Like thousands of hikers before and since, in 2002 Andrew Downs had a profound experience thru-hiking the Appalachian Trail. But, Downs took his dedication to the trail further than most. He went on to earn a master's degree in natural resource management specifically to help protect the Appalachian Trail and the AT experience for others.

"I think everyone should have the opportunity for a similar experience on the AT," he says.

In our Q&A below, we talk with Downs about serving as Regional Director of the Central and Southwest Virginia Region for the Appalachian Trail Conservancy, which preserves and manages the famous footpath.

Meet Andrew Downs

Tell us a little about yourself.

I read a lot, bike a fair bit, canoe some, cook a little, and never ever go anywhere without a map (most of the time).

What exactly do you do at the Appalachian Trail Conservancy?
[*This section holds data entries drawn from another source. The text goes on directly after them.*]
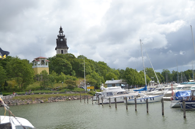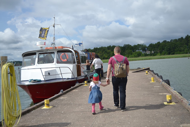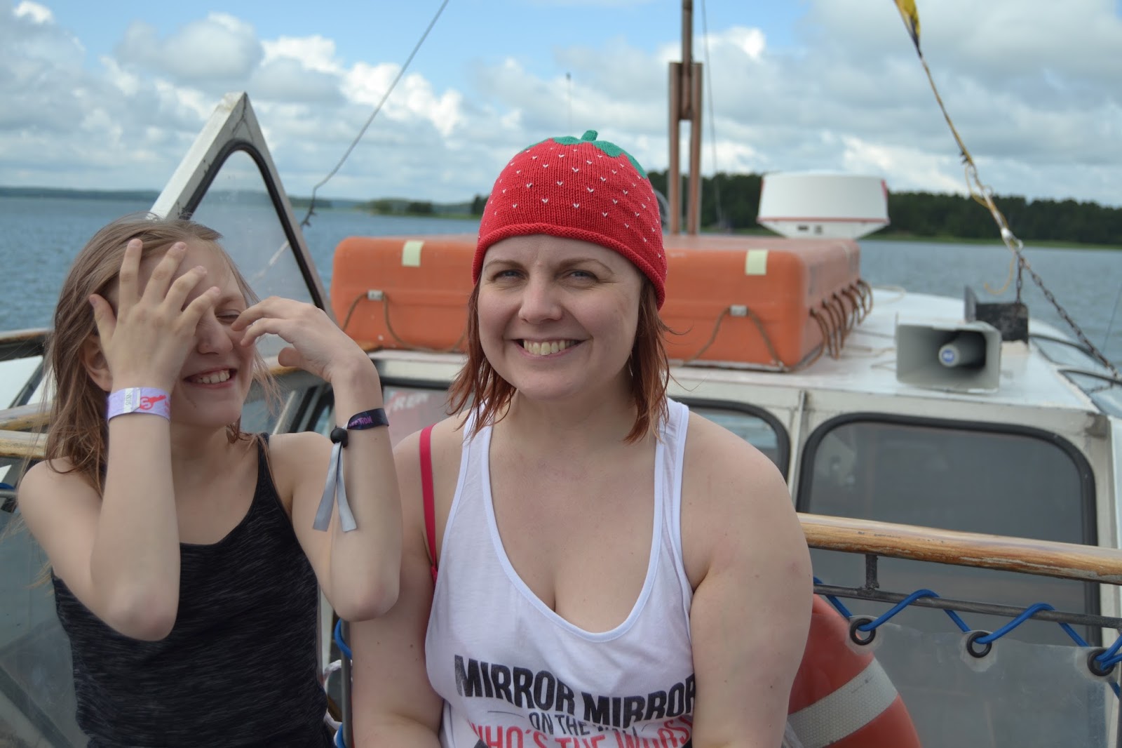 Matka saarelle taittui laivalla. Emme olleet katsoneet aikatauluja valmiiksi ja kävelimme leirintäalueelta laiturille. Kävimme lipunmyynnistä kysymässä aikataulua ja seuraava laiva olikin lähdössä juuri sillä minuutilla. Juoksujalkaa ehdimme laivaan. Istuimme kannella, koska ilma oli mukavan lämmin, mutta hatun tai edes pompulan tuonne olisi tarvinnut, kun hiukset olivat silmillä koko ajan. Laiva ohitti Muumimaailman ja kivasti näkyi sekä Muumitalo että Drontti Edvard.
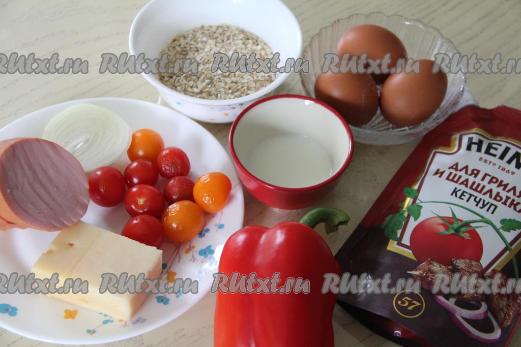 Подготовить продукты. Из болгарского перца удалить семена. Лук очистить. Вымыть лук, помидоры и перец. Овсяные хлопья можно взять любые, их нужно перемолоть в муку в измельчителе. Для приготовления этой пиццы можно использовать и готовую овсяную муку.
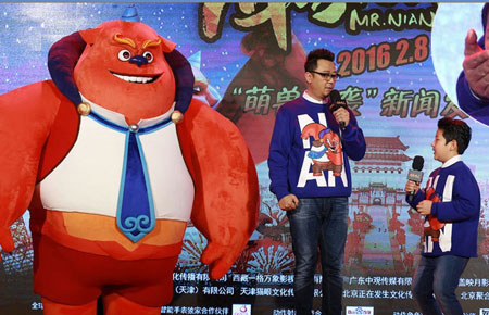 重庆商报讯 由宁浩出品、张扬导演的动画电影《年兽大作战》昨日曝光了一支制作特辑,特辑中雷佳音、周冬雨、陈赫、陶虹、郭涛、郭子睿、刘仪伟、沈腾、张一白、王迅、郝云、谢娜、熊乃瑾等主演脑洞大开,纷纷夸张演绎。虽然对动画表演夸张化有所不习惯,但周冬雨表示:“会从角色的动作表情来研究沙果这个角色的心理”;陈赫更是在角色设计中融入陈氏经典笑声,令人捧腹。对于此次动画电影采用真人演绎的形式进行创作,出品人宁浩表示:“如果能创作出‘年’这个形象得到大家认可,那就是个有价值的事情”。据悉,电影《年兽大作战》将于2016年2月8日上映。
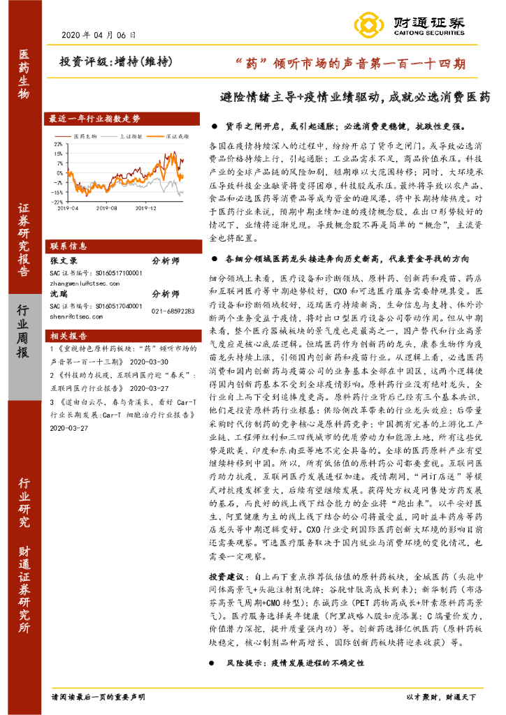 财通证券:“药”倾听市场的声音第一百一十四期:避险情绪主导+疫情业绩驱动,成就必选消费医药.pdf
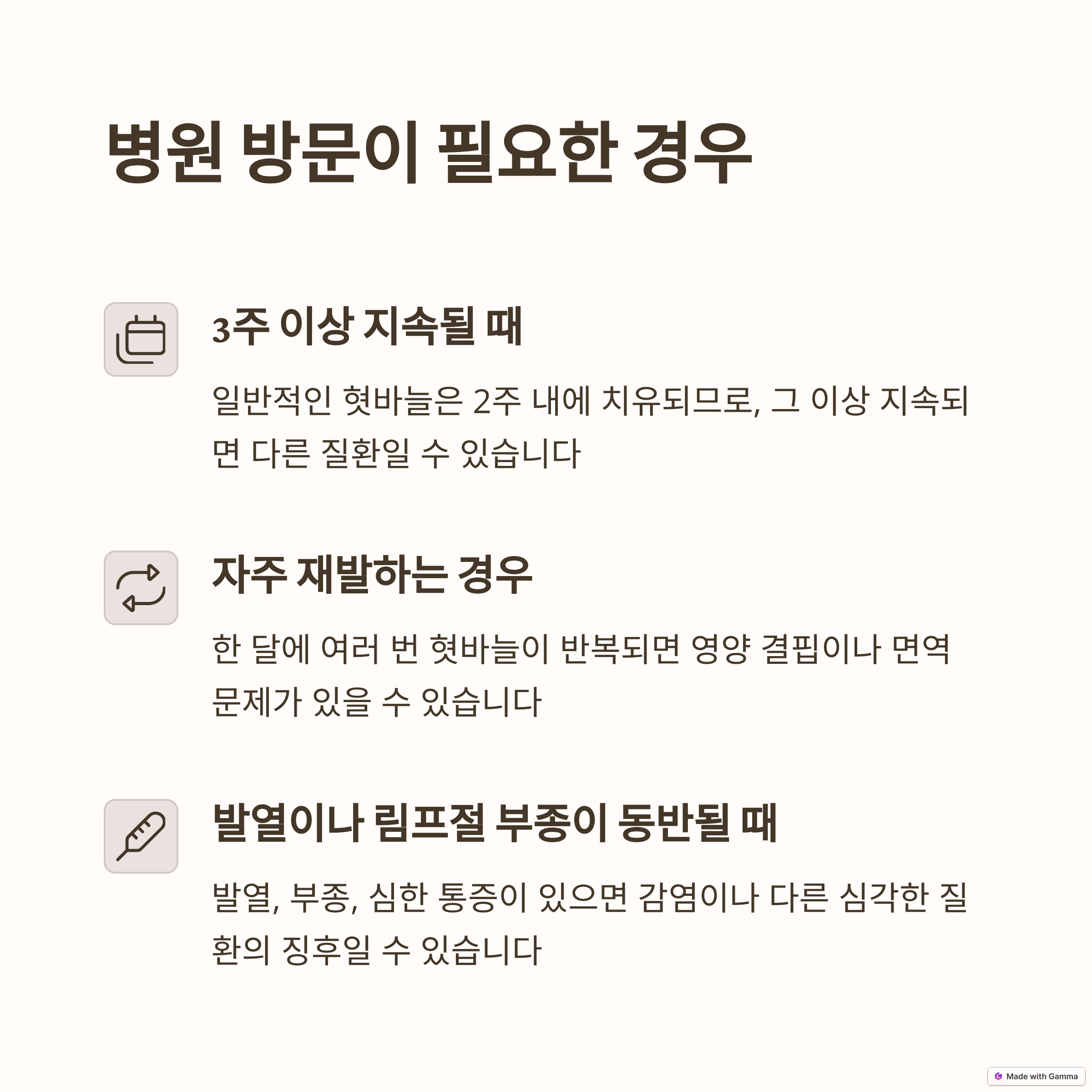 - 혓바늘 외에 다른 증상이 동반될 때 (발열, 몸살 등)
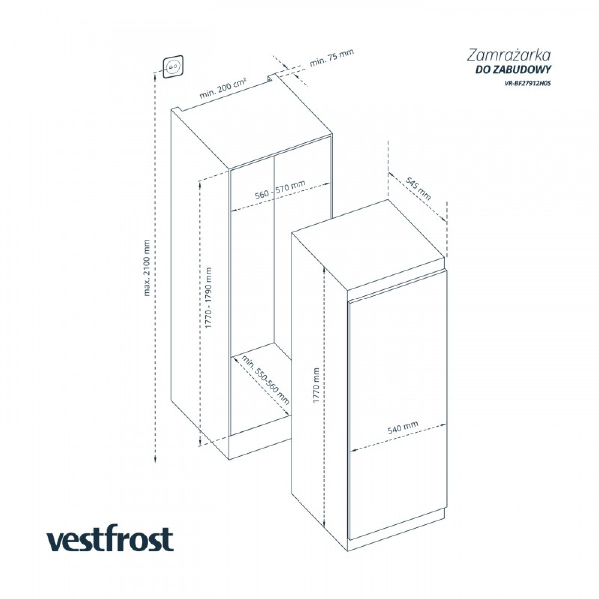 Zamrażarka szufladowa do zabudowy w kolorze białym Vestfrost, NoFrost, kostkarka Twisted Icematic, oświetlenie LED, sterowanie Touch Control, h=177 cm.

I’m Regional Director of the Central and Southwest Virginia Region of the Appalachian Trail Conservancy. My two regional colleagues and I work from the Tennessee border to Rockfish Gap just south of Shenandoah and with seven of the 31 official Appalachian Trail Clubs.

How did you get involved?

After my 2002 thru-hike I went back to school to study under Roger Moore (AT researcher) at North Carolina State University. I worked on North Carolina’s Mountains-to-Sea Trail and the Haw River Trail during my graduate study, always with the eye to work for the ATC.

What's a typical workday? Is there such a thing?

There really isn’t. I’ve chased helicopters and bears, dug out privies, built shelters and tore them apart. I’ve hunkered down in the hospital, hiked for days, met with Senators and Congressmen, hunted rocks for the Trail Crew and for lost hikers for their mothers.

I’ve designed long sections of the AT to maximize the AT experience and small sections of trail just so hikers could walk past a cool rock. I’ve carried swords, encyclopedias, throwing knives, steel cables, and moonshine out of the backcountry and all of this within a day’s work. 

What's the best part of your job?

The Trail.

The worst?

Every day I see the damages I caused and the problems I created long ago as a careless hiker. It will never stop making me disappointed in the person I once was.

What are you most proud of in your work?

This job is really about people. People make the trail what it is, and that will always be the case. If you can talk to people, relate to them, understand what motivates them and value that contribution, then you can be successful.

There are a lot of good things that I am thankful to have been a part of here at ATC, from the Wilderness Skills Institute to the Konnarock Crew; this is a good time for the ATC.

Personally, what I am most proud of is simply punching the clock every day. By his own work, my father showed me the steady value of reliable contribution and I learned to value a similar lesson from my thru-hike. If you put in the work, day after day, you can be proud of the intrinsic quality of consistency, which often might mean just as much personally as what you were working toward in the first place.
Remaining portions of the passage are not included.